View attachment IMG_3692.jpg


View attachment IMG_3693.jpg


View attachment IMG_3694.jpg


View attachment IMG_3695.jpg


View attachment IMG_3696.jpg


----------



## oldognewtrick (Oct 25, 2016)

First off welcome to Garage Retreat!

I would be real hesitant about using the footer of unknown quality. Last thing you'd want is spend money to build structure and end up with failure, penny wise dollar foolish. Hire a structural engineer to take a look, they are cheaper than fixing a failing structure.


----------



## Chris (Oct 25, 2016)

Have you dug down to see how big the footing is?


----------



## Rusty (Oct 25, 2016)

Looks like you would have to demolish part of it to get the ground ready for a slab. Unless there is an opening.


----------



## Rusty (Oct 25, 2016)

Looks like a foundation for a double-wide, if one end was open.


----------



## oldognewtrick (Oct 25, 2016)

Rusty said:


> Looks like a foundation for a double-wide, if one end was open.

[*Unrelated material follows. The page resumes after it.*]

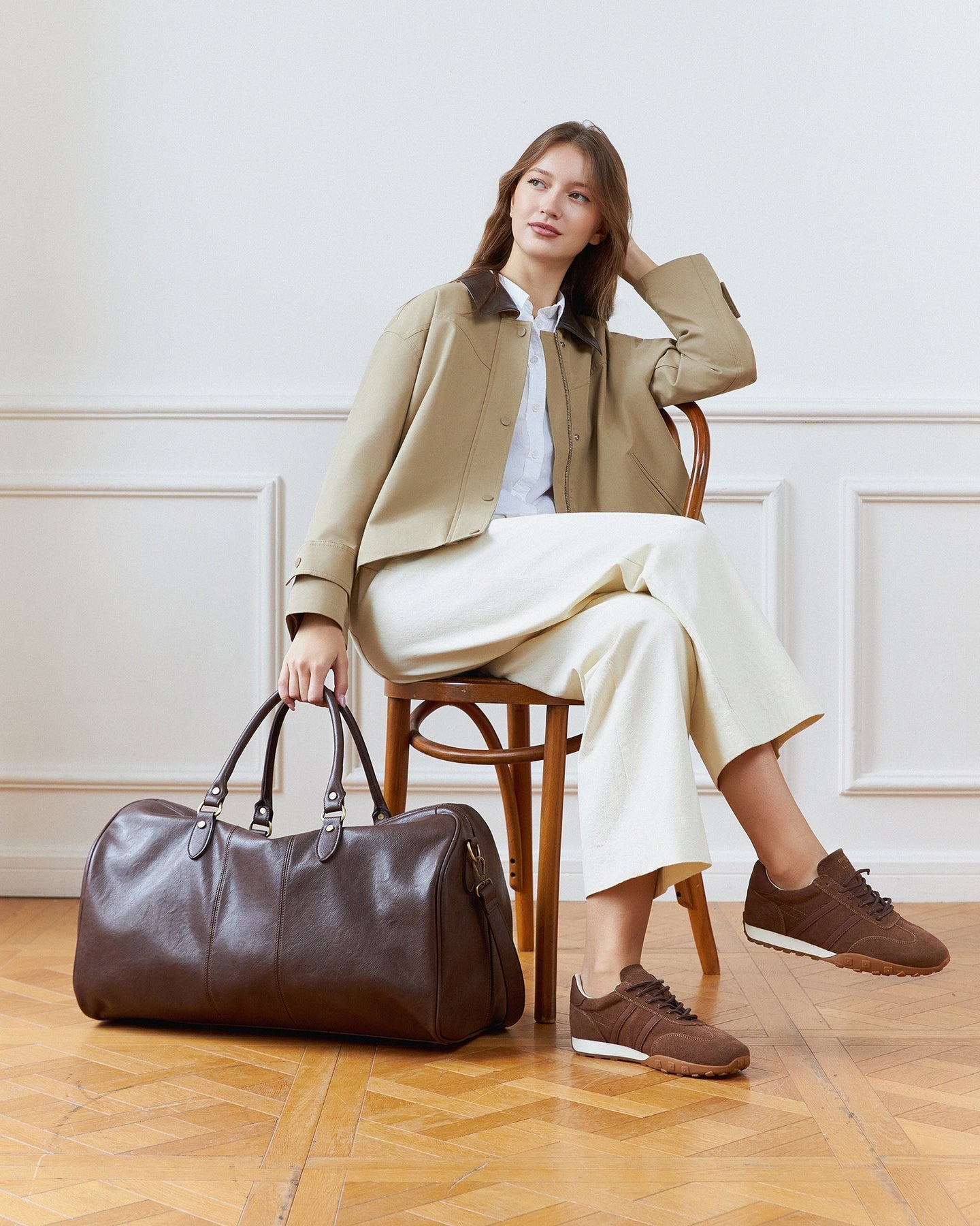 Crafted for weekend wanderers and last-minute travellers, the Cooper Chocolate Travel Bag blends style with purpose-led ease. Made from smooth vegan leather and finished with antique gold hardware, Cooper Chocolate fits a 16-inch laptop along with everything you like to pack “just in case.” Designed with the convenience of carry on luggage and the relaxed silhouette of a duffle, she offers thoughtful organisation through internal zip and slip pockets, plus a back zip pocket for quick-access essentials. Dual handles and an adjustable strap mirror the versatility of a men’s travel bag with shoulder strap, giving you multiple ways to carry as the journey unfolds. Finished with a secure top zip and protective feet, Cooper Chocolate is ready for airport terminals, long drives, and every escape in between.

That was my first thought Rusty, but who knows....


----------



## Rusty (Oct 25, 2016)

oldognewtrick said:


> That was my first thought Rusty, but who knows....



Well the size is right.


----------



## Poseidon (Oct 25, 2016)

I haven't done anything yet. I had other projects with a higher priority I had to finish first. Now I'm ready to move forward with the garage. Figured the best thing to do would be ask here first, because I don't know where to start with something like this. I'm a decent carpenter, capable plumber, and a better electrician, but I don't do any of them for a living. I built a finished basement with a full bath, laundry room, 2 bedrooms, and a living room in our old house out of what began as a 9ft tall, gravel floor, crawl space. Only part I contracted out was the HVAC work and drywall. But I'm clueless about foundations!

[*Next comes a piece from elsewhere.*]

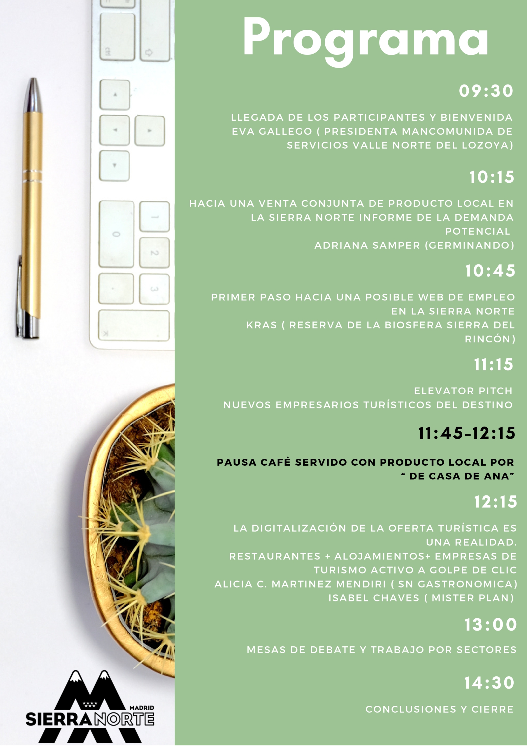 - Lugar: Coworking Puerta de la Sierra de Cotos de Monterrey. Avenida Puerto de Despeñaperros, s/n (Venturada).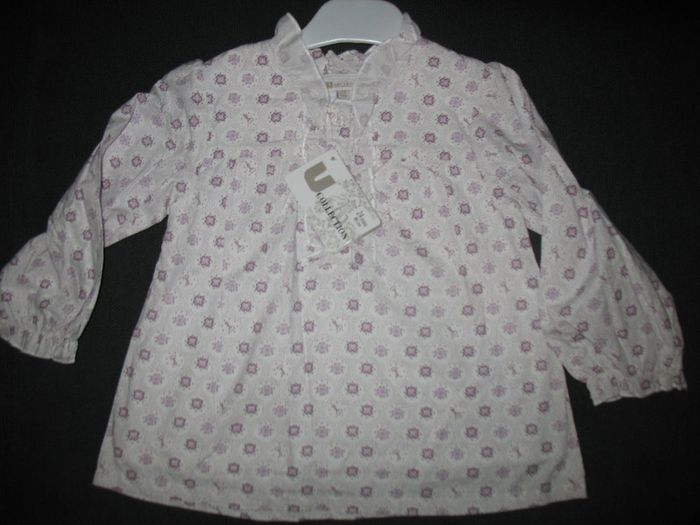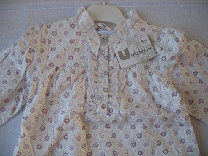 BLOUSE BLANCHE A FLEURS BÉBÉ FILLE "U COLLECTION" - NEUVE - 24 MOIS - n°01

I believe the foundation was originally either for a 1200 sf Ranch or possibly a Cape Cod, since there are similar houses on the road I live on. There are openings in the foundation for what looks to be a front door and a back door, as well as where vents for the crawl space would be.  The previous owners built a 3400 sf custom with a mother in law suite at the back of the property and just left the original foundation to become overgrown. If I use it for a garage, I was planning to open up the side that faces away from the road (towards our house) for the garage doors. The fallen trees don't look like they did any damage to the cinder blocks other than knocking one block loose. It is on the side that would need to be knocked out for the garage doors anyway, so I don't think it will be an issue. 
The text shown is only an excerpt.